[Records contained in a dataset]
--*--

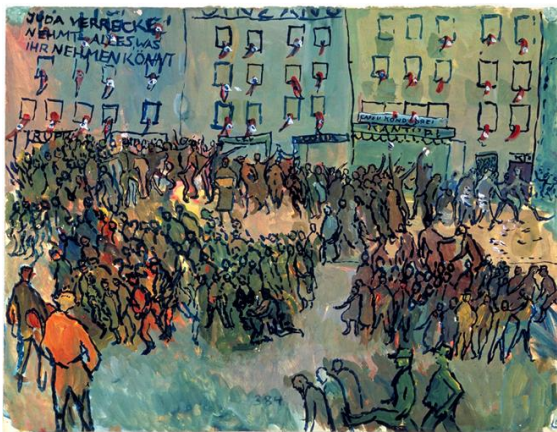
Charlotte Solomon "Kristallnacht" (1938)

vida en los que la cosa no estaría funcionando muy bien. Después vino Lennon , una biografía de John narrada por él mismo, en un gesto de audacia y arrojo temerarios (¡escribir en primera persona como Lennon!) pero muy lograda, que termina tocando algo muy puro del nervio central de lo que podríamos llamar “lo beatle”. Y ahora llega Charlotte , seguramente el más fuerte de sus libros y en varios sentidos el más ambicioso.
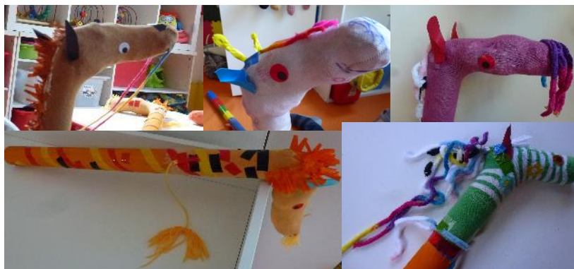
Figura 9 – Enseñando las animales de jugar terminadas

Cuarta y última sesión. Cada grupo exponía su creación, y fueron aplaudidas y comentadas. Para terminar, los niños tuvieron que dibujar su animal.
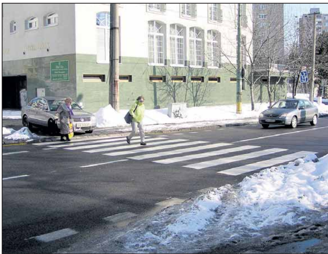
Neuveriteľnú drzosť mal na Stromovej vodič vchádzajúci na cestu cez priechod!

Napriek tomu bude v meste päť plesov aj po Popolcovej strede. Zoznam podujatí Plesovej sezóny 2010 nájdete na www.bratislavskenoviny.sk. (red)
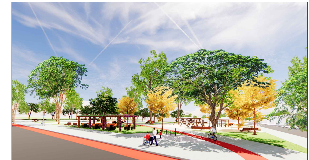
5 - VISTA DA PRAÇA DA VIA MULTIMODAL
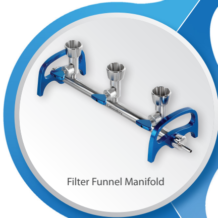
Filter Funnel Manifold
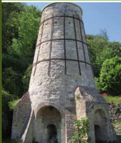
À la découverte du patrimoine en randonnée

▼ La grange Dîmière du XIII e siècle sera ouverte exceptionnellement par ses propriétaires et vous dévoilera son architecture et ses secrets lors de la randonnée du 13 août.
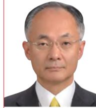
辻 琢也 氏 一橋大学大学院法学研究科教授

同志社大学文学部卒業後、CBCテレビにアナウンサーとして入社。バラエティ番組から報道番組まで幅広く担当する。「ゴソマ〜GOGO!Smile!〜」(CBCテレビ制作、月〜金13:55〜)の番組開始時からMCを務める。2020年3月にCBCを退社しフリーアナウンサーへ転身。2019年の週刊文春の好きなアナウンサーランキングでは、在京キー局の有名アナに混じって異例の5位、2021年のJ-CASTニュースの好きなワイドショーのMCでは1位を獲得。著書「ゴソマ石井のなぜか得する話し方」(ダイヤモンド社)などがある。
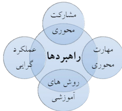
شکل ۵. مقوله محوری راهبردها و زیر مقوله‌های آن

راهبرد عنوان مقوله محوری و اساسی دیگر است که از دل مصاحبه‌های انجام شده در این پژوهش استخراج شده است. هر سازمانی باید در زمینه ۴ یا شرایط خاص خودش برای رسیدن به اهداف خود دارای راهبردها یا روش‌های خاص باشد که این راهبردها بیان می‌کنند که سازمان مورد نظر چگونه به اهداف دست پیدا خواهد کرد. در پژوهش حاضر نیز سازمان آموزش و پرورش استان می‌تواند با استفاده از راهبردهایی که این الگو ارائه کرده است به اهداف مورد نظر خود دست پیدا کند. مقوله محوری راهبرد دارای زیر مقوله‌های مشارکت محوری، مهارت محوری، روش‌های آموزشی و عملکرد گرایبی است. مقوله مشارکت محوری شامل زیر مقوله‌های کارگروهی، همکاری و مشارکت، مدیریت تیمی و مشارکتی، تصمیم‌گیری‌های مشارکتی در سطوح بالا و پایین سازمان، مشارکت دانش آموزان در اداره و تصمیم‌گیری‌های سازمان است. این مقوله در همه مصاحبه‌های انجام شده مورد تاکید قرار گرفته است و بیان شده است که اگر تصمیمات سازمان بر اساس سلیقه یک نفر باشد آن سازمان موفقیت چندانی به دست نخواهد آورد اگر قوانین و شرایط اداری را افراد سازمان بصورت گروهی تعیین کنند خودشان دارای انگیزه زیاد بوده و دارای احساس تعلق خواهند بود. مقوله مهارت محوری، مقوله دیگری است که در مقوله محوری راهبرد، جای گرفته است. این مقوله شامل زیر مقوله‌های ارتباط محتوای درس با زندگی واقعی یادگیرندگان، آموزش چگونه زیستن، آموزش بهداشت شخصی، آموزش تفکر سیستمی، مهارت‌های تفکر
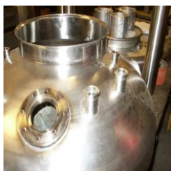
Výroba potravinářských nádrží

Realizace vodohospodářských staveb. Zpracování a práce s nerez ocelí . Konstruktérská činnost - ACAD Výroba a montáž ocelových konstrukcí.
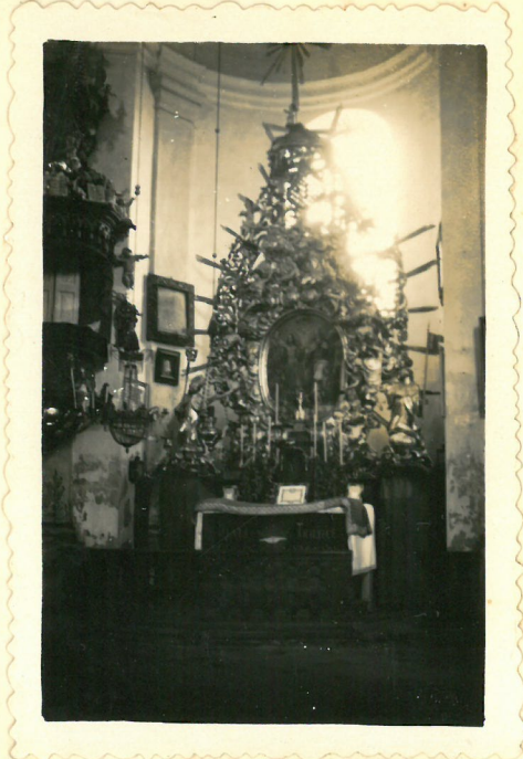
Hlavní oltář kostela Njso. Trojice.
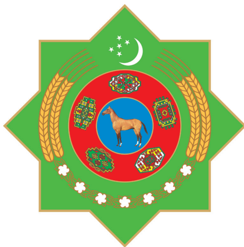
TÜRKMENISTANYŇ DÖWLET TUGRASY
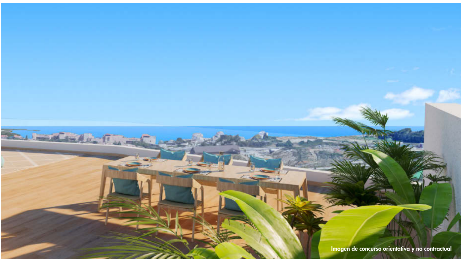
Imagen de concurso orientativa y no contractual

ONE80 Suites es una urbanización privada con piscina y espacios ajardinados, excelentemente situada en Estepona, una zona codiciada de la Costa del Sol.
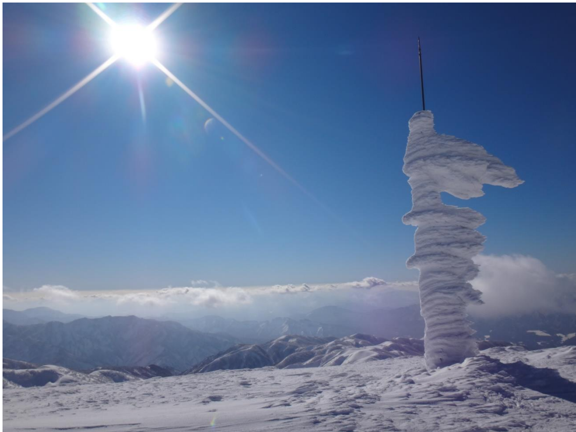
山頂端のアンテナより下山に掛かる。
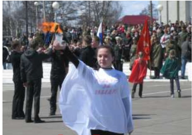
Вахта Памяти. Митинг, посвященный Дню Победы
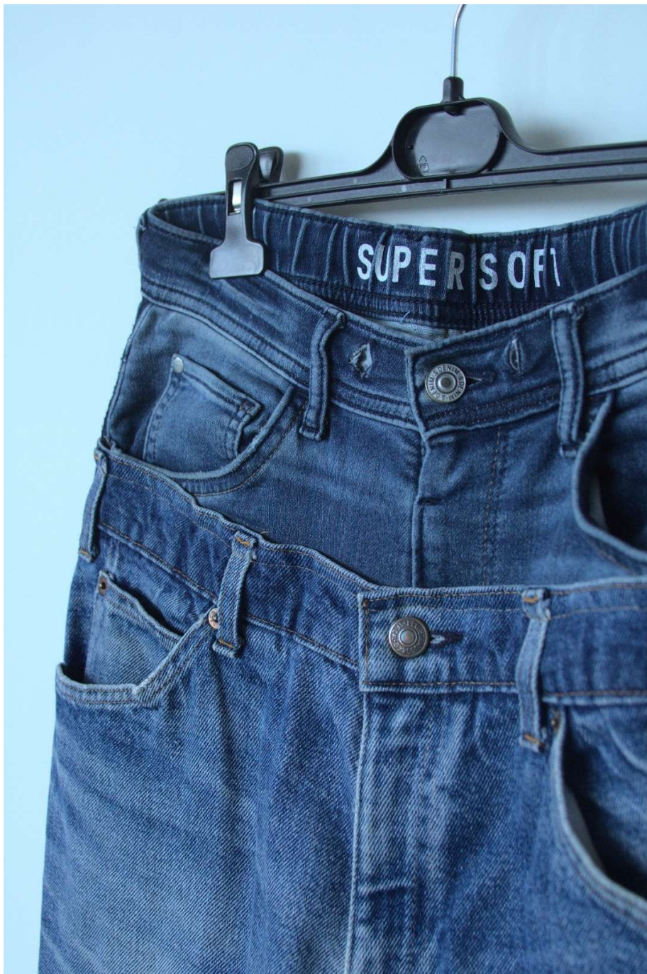
Slika 55 – outfit no.12, donji dio detalj

Torbica odnosno pismo torbica je u vidu krojne slike iznimno jednostavna, ali sam uzorak je vrijedan spomena jer je dobiven platno prepletom različitih traka sačuvanih iz restova materijala koje smo koristili prilikom izrade ostalih komada u kolekciji.
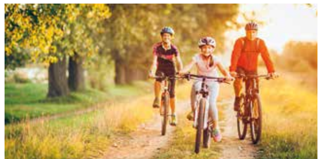
Die Region neu entdecken und kurzweilige Ausflüge mit der Familie unternehmen: Radtouren machen allen Spaß.

Das Gute liegt oft ganz nah — zum Beispiel reizvolle Ausflugsziele, die sich bequem mit dem Fahrrad oder dem E-Bike erkunden lassen. Die warme Jahreszeit bietet sich für ausgedehnte Touren mit der Familie geradezu an. Für ein sicheres Gefühl sorgt vor jeder Ausfahrt ein kurzer Check der Technik. Ist der Akku aufgeladen, funktionieren Bremsen und Licht einwandfrei, sind die Reifen in einem guten Zustand? Noch mehr Schutz vor technischen Pannen, vor Unfällen, Sturzschäden oder im Falle eines Diebstahls bieten spezielle Fahrradversicherungen. Auch der Wert von kostspieligen E-Bikes lässt sich damit umfassend absichern, bei Touren in der eigenen Region ebenso wie deutschlandweit oder im Ausland. Unter www.waldenburger.com gibt es ausführliche Informationen zur Police fürs Zweirad. djd
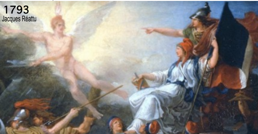
1793 Jacques Réattu

Autres représentations de la liberté et de Marianne :
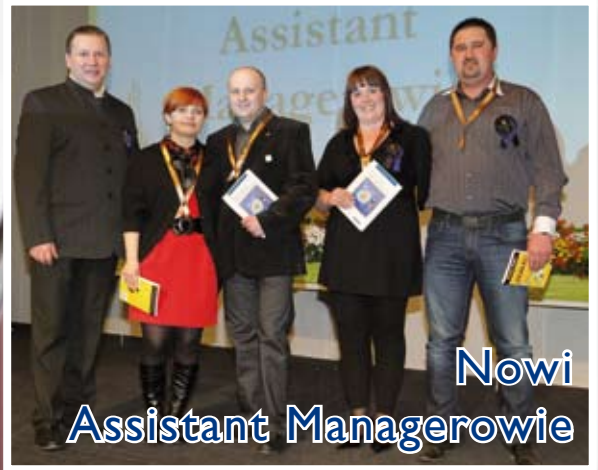
Nowi Assistant Managerowie
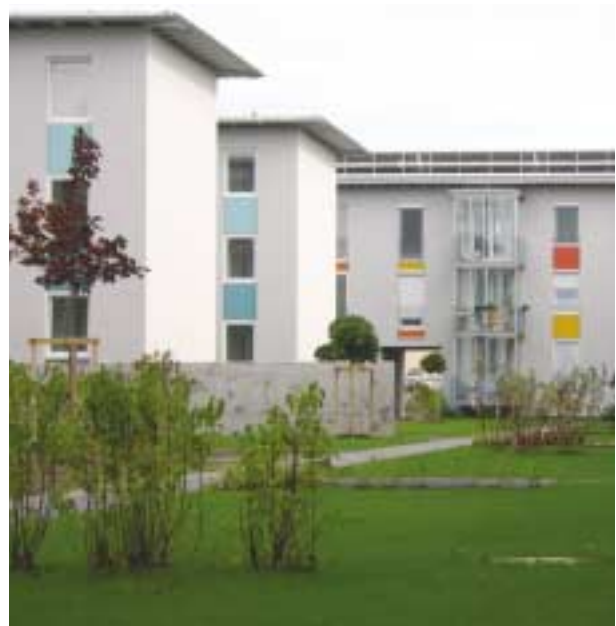
Zweite Bauetappe Dr.-Ernst-Koref-Wohnanlage

Fünf Gebäude aus dem Altbestand bleiben erhalten, als Zeitzeugnis für Arbeiterwohnstätten von früher. Für vier Gebäude wurde bereits Verwendung gefunden: Zwei Häuser dienen als Eltern-Kind-Zentrum für die Stadt Linz, zwei weitere als Krabbelstube. Derzeit werden die Häuser adaptiert und nach deren Fertigstellung Anfang 2006 werden die bestehenden Einrichtungen von der Anastasius-Grün-Straße hierher übersiedeln. In Abstimmung mit dem Denkmalschutz werden je zwei Gebäude mit Glasanbauten verbunden, um eine funktionelle Nutzung zu erreichen.
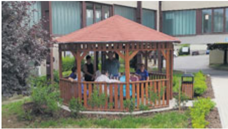
... ale také široké veřejnosti.

Relaxační a revitalizační bezbariérová zóna nemocnice nabízí více možností využití. Pacienti nemocnice v ní mohou sami nebo v doprovodu odborného personálu, dobrovolníků či blízkých posilovat kondici na jednoduchých venkovních trenežerech. Dále mohou posedět s členy rodiny nebo zúčastnit se dobrovolnických aktivit (hudební odpoledne, výtvarné dílny, společenské hry, tréninky paměti a další).
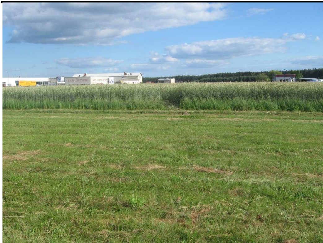
3 – Widok zniszczonego zboża (zdjęcie z kierunku przeciwnego do nalogu).
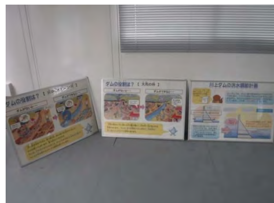
川上ダムのことを知ってください!
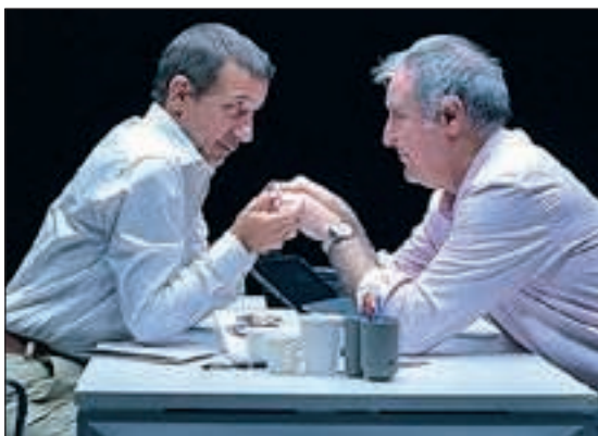
'El crèdit', un duel de luxe

GRANS ÈXITS I CARES CONEGUDES EN LA CARTELLERA
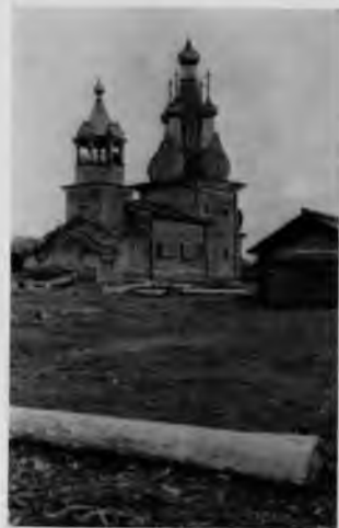
Одигитриевская церковь в селе Кимжа

--*--

Your goal: Return the lines of the records that include the string "randonnée".

Task result:
À la découverte du patrimoine en randonnée
▼ La grange Dîmière du XIII e siècle sera ouverte exceptionnellement par ses propriétaires et vous dévoilera son architecture et ses secrets lors de la randonnée du 13 août.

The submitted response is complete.